[Stored items]

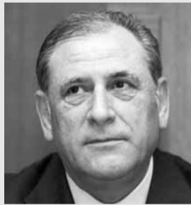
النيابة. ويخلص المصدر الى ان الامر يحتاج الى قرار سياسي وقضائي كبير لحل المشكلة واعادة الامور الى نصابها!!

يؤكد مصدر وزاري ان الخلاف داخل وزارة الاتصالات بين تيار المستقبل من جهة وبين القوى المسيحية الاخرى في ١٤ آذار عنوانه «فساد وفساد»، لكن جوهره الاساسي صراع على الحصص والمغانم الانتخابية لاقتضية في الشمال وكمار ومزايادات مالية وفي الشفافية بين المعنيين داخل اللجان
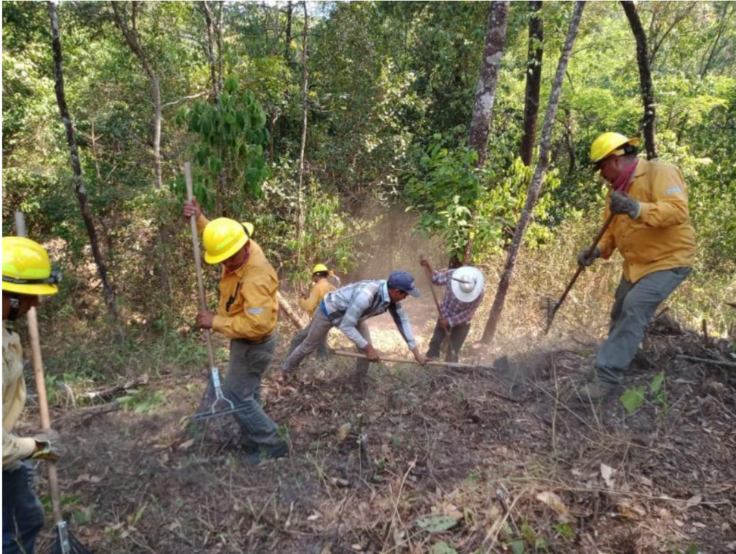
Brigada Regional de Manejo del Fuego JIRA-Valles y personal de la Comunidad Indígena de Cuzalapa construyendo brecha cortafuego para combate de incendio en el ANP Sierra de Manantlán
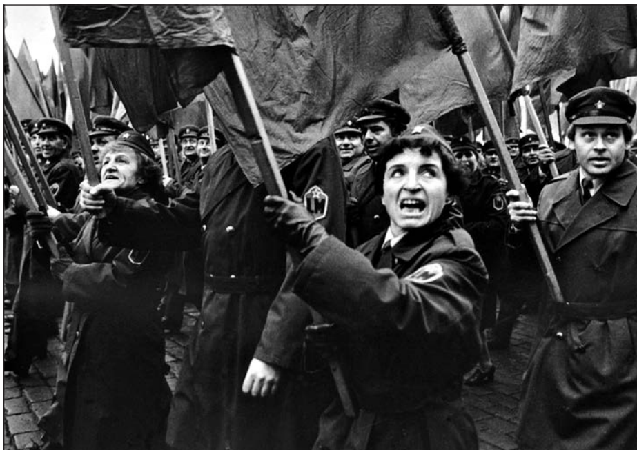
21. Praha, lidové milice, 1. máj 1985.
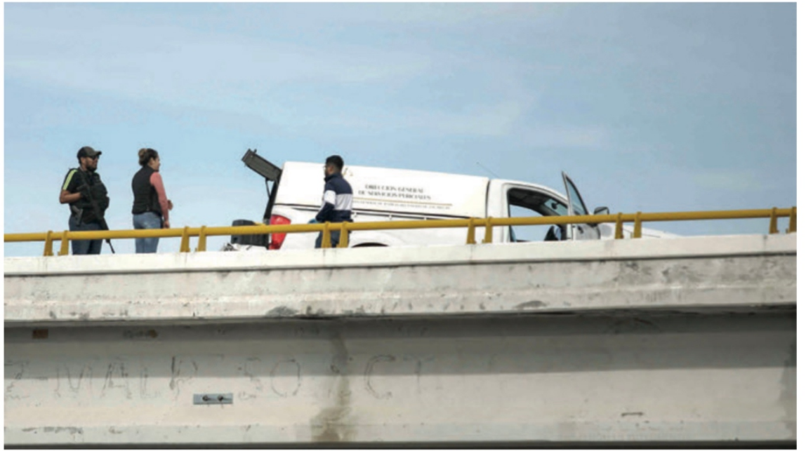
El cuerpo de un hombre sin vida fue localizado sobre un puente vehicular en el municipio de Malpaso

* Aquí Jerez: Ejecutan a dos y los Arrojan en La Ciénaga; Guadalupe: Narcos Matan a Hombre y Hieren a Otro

*REQUIRED ACTION*. Go through the entries above and output them exactly, without pictures.

*EXERCISE OUTPUT*.
النيابة. ويخلص المصدر الى ان الامر يحتاج الى قرار سياسي وقضائي كبير لحل المشكلة واعادة الامور الى نصابها!!

يؤكد مصدر وزاري ان الخلاف داخل وزارة الاتصالات بين تيار المستقبل من جهة وبين القوى المسيحية الاخرى في ١٤ آذار عنوانه «فساد وفساد»، لكن جوهره الاساسي صراع على الحصص والمغانم الانتخابية لاقتضية في الشمال وكمار ومزايادات مالية وفي الشفافية بين المعنيين داخل اللجان
Brigada Regional de Manejo del Fuego JIRA-Valles y personal de la Comunidad Indígena de Cuzalapa construyendo brecha cortafuego para combate de incendio en el ANP Sierra de Manantlán
21. Praha, lidové milice, 1. máj 1985.
El cuerpo de un hombre sin vida fue localizado sobre un puente vehicular en el municipio de Malpaso

* Aquí Jerez: Ejecutan a dos y los Arrojan en La Ciénaga; Guadalupe: Narcos Matan a Hombre y Hieren a Otro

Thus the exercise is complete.